Output each record below exactly. No images go in the copy.

[Start of Attachment]

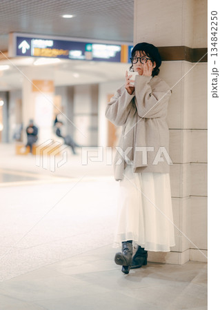 待ち合わせ中にコーヒーを飲む30代女性の全身ポートレート
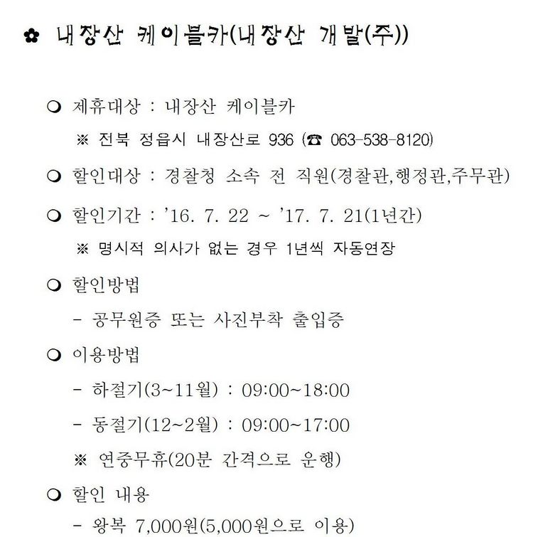 정읍 내장산개발(주) - 케이블카 탑승료 할인(왕복5천원) (경찰 제휴 할인)
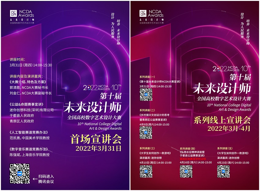 未来设计师·全国高校数字艺术设计大赛(NCDA)始于2012年,每年举办一届,已连续举办九届。作为一项高规格、高水平的全国性专业赛事,秉承“设计为人民服务,培养未来设计师”的理念,切实加强大学生实践能力和创新精神,不断提高人才培养质量,为艺术设计产业发展提供坚实的人才支持。
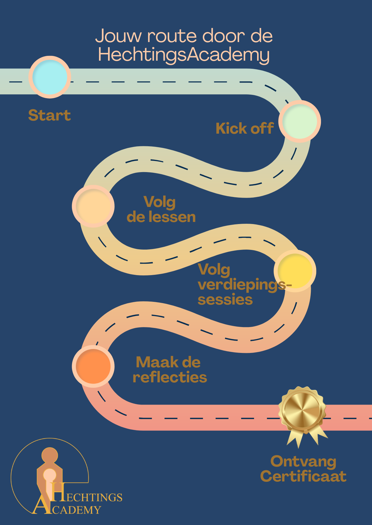 Je stapt niet alleen in een cursus. Je stapt in een traject dat je draagt terwijl jij leert sturen..
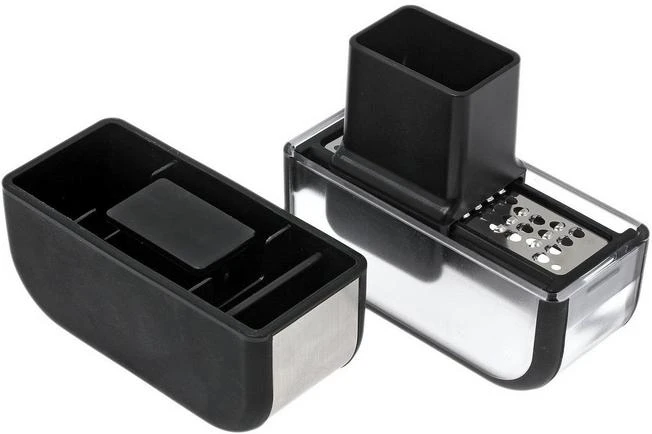 The Microplane Garlic Cutter is a convenient garlic grater with which you, obviously, grate garlic. The nice thing about it is you are not risking your fingers in the process. With old-fashioned garlic presses you have to put a lot of pressure on it. This grater works differently. You slide the lid back and forth against the grater. At the same time you move the garlic along the grater and your fingers do not come close to the grating.
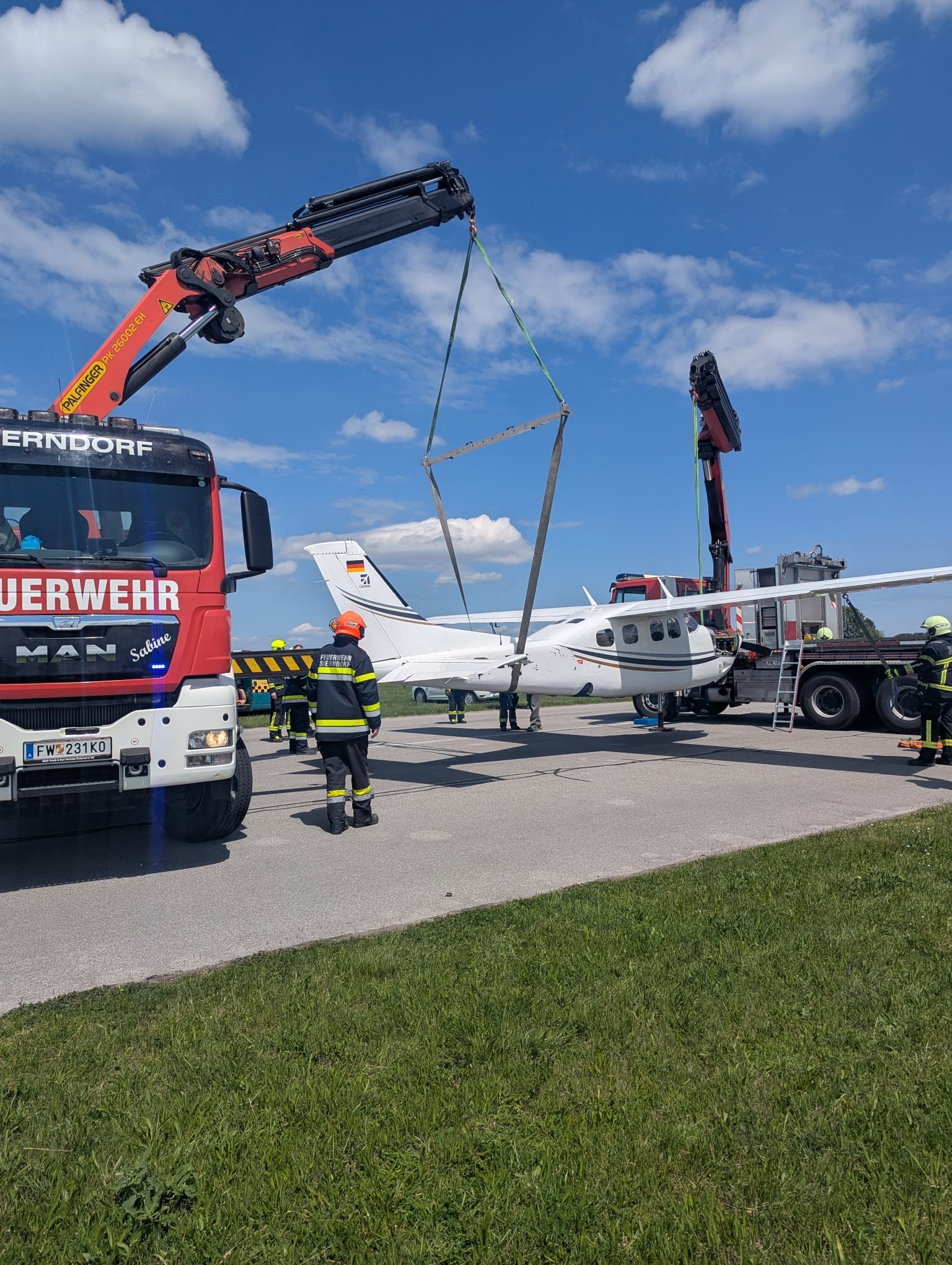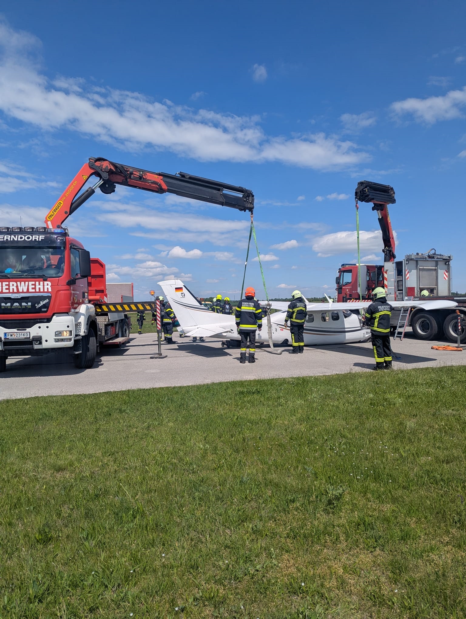 Die FF Stockerau wurde zur Bergung alarmiert und rückte mit drei Fahrzeugen aus. Nach Absprache mit dem Betriebsleiter des Flugplatzes und des Piloten wurde entschieden das Flugzeug an zwei Punkten zu heben um das Fahrwerk ausfahren zu können. Daher wurde vom Einsatzleiter der FF Stockerau das WLFA-K Sierndorf angefordert.
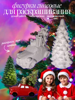 Гипсовые фигурки "Машинка и елочка"для раскрашивания подарок
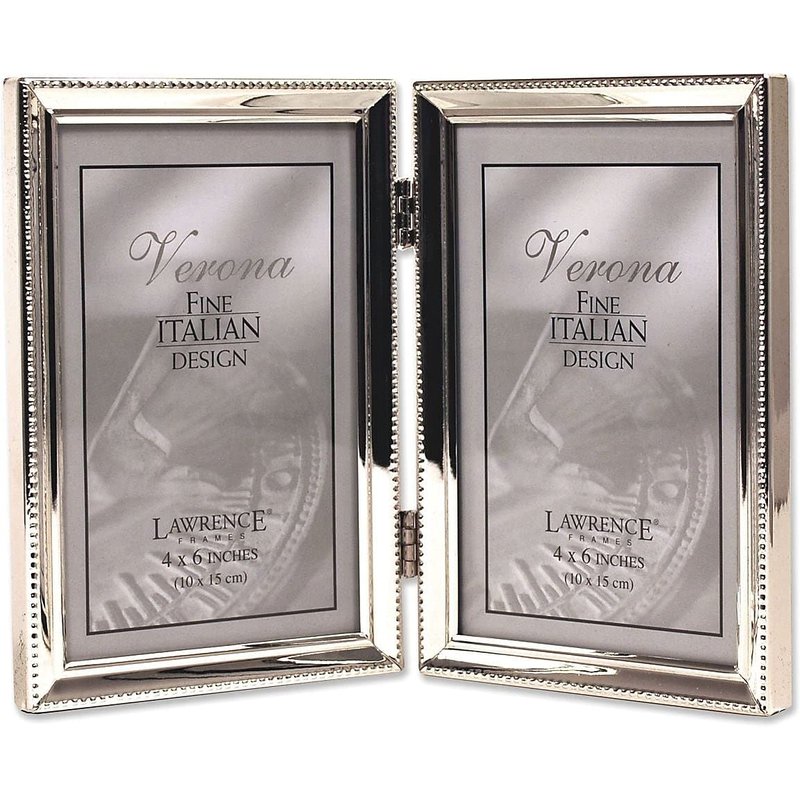 Lawrence Frames Verona Collection 4" x 6" Metal Silver Hinged Double Picture Frame with Beads (11646D)

[End of Attachment]

* Solution to this problem
 待ち合わせ中にコーヒーを飲む30代女性の全身ポートレート
 정읍 내장산개발(주) - 케이블카 탑승료 할인(왕복5천원) (경찰 제휴 할인)
 未来设计师·全国高校数字艺术设计大赛(NCDA)始于2012年,每年举办一届,已连续举办九届。作为一项高规格、高水平的全国性专业赛事,秉承“设计为人民服务,培养未来设计师”的理念,切实加强大学生实践能力和创新精神,不断提高人才培养质量,为艺术设计产业发展提供坚实的人才支持。
 Je stapt niet alleen in een cursus. Je stapt in een traject dat je draagt terwijl jij leert sturen..
 The Microplane Garlic Cutter is a convenient garlic grater with which you, obviously, grate garlic. The nice thing about it is you are not risking your fingers in the process. With old-fashioned garlic presses you have to put a lot of pressure on it. This grater works differently. You slide the lid back and forth against the grater. At the same time you move the garlic along the grater and your fingers do not come close to the grating.
 Die FF Stockerau wurde zur Bergung alarmiert und rückte mit drei Fahrzeugen aus. Nach Absprache mit dem Betriebsleiter des Flugplatzes und des Piloten wurde entschieden das Flugzeug an zwei Punkten zu heben um das Fahrwerk ausfahren zu können. Daher wurde vom Einsatzleiter der FF Stockerau das WLFA-K Sierndorf angefordert.
 Гипсовые фигурки "Машинка и елочка"для раскрашивания подарок
 Lawrence Frames Verona Collection 4" x 6" Metal Silver Hinged Double Picture Frame with Beads (11646D)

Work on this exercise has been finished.